I watched the SECCG again last night. GMac had a couple of really pretty runs in that game. The tightrope down the sidelines was amazing, and the backbreaker in the readzone where he cut back against the grain was runningback-like.
 
[I should know better, but] Let me throw in my two sense about having GMac running the Option. D.C.s lay in bed at night praying that we do something like this.
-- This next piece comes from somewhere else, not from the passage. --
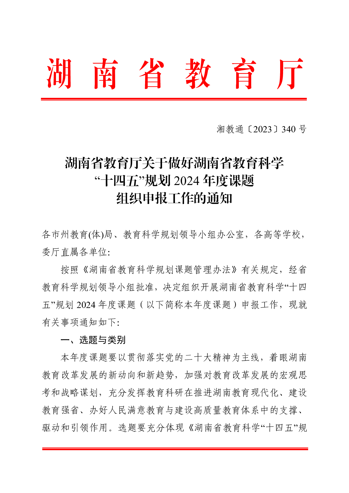 1.关于做好湖南省教育科学“十四五”规划2024年度课题组织申报工作的通知正文.pdf

With the RBs we have, should one get hurt, we are still a formatible threat with bpth the run and the pass. Should we lose out QB, our passing game is no longer feared (until proven otherwise again) meaning that the running game is clamped down on. Losing GMac would minimize our WRs and handicap our RBs. The Wishbone creates a scheme that gives the defense the choice as to who is tackled, as the defense must choose to cover the Dive Man, the QB, or the RB.

What team on our schedule would not want to rest their chances on pound our QB 20-30-40 times a game in the SEC. Which of our QBs is going to survive that, cause I don't recall him being signed yet.
 
[I should know better, but] Let me throw in my two sense about having GMac running the Option. D.C.s lay in bed at night praying that we do something like this. With the RBs we have, should one get hurt, we are still a formatible threat with bpth the run and the pass. Should we lose out QB, our passing game is no longer feared (until proven otherwise again) meaning that the running game is clamped down on. Losing GMac would minimize our WRs and handicap our RBs. The Wishbone creates a scheme that gives the defense the choice as to who is tackled, as the defense must choose to cover the Dive Man, the QB, or the RB.

What team on our schedule would not want to rest their chances on pound our QB 20-30-40 times a game in the SEC. Which of our QBs is going to survive that, cause I don't recall him being signed yet.

I agree with you...I don't think Greg should run the option...my only argument was that Star is not a better runner. We do have a couple of former QB's playing other positions that could run circles around either. If we did something like wishbone for a play, they would be the ones to run it.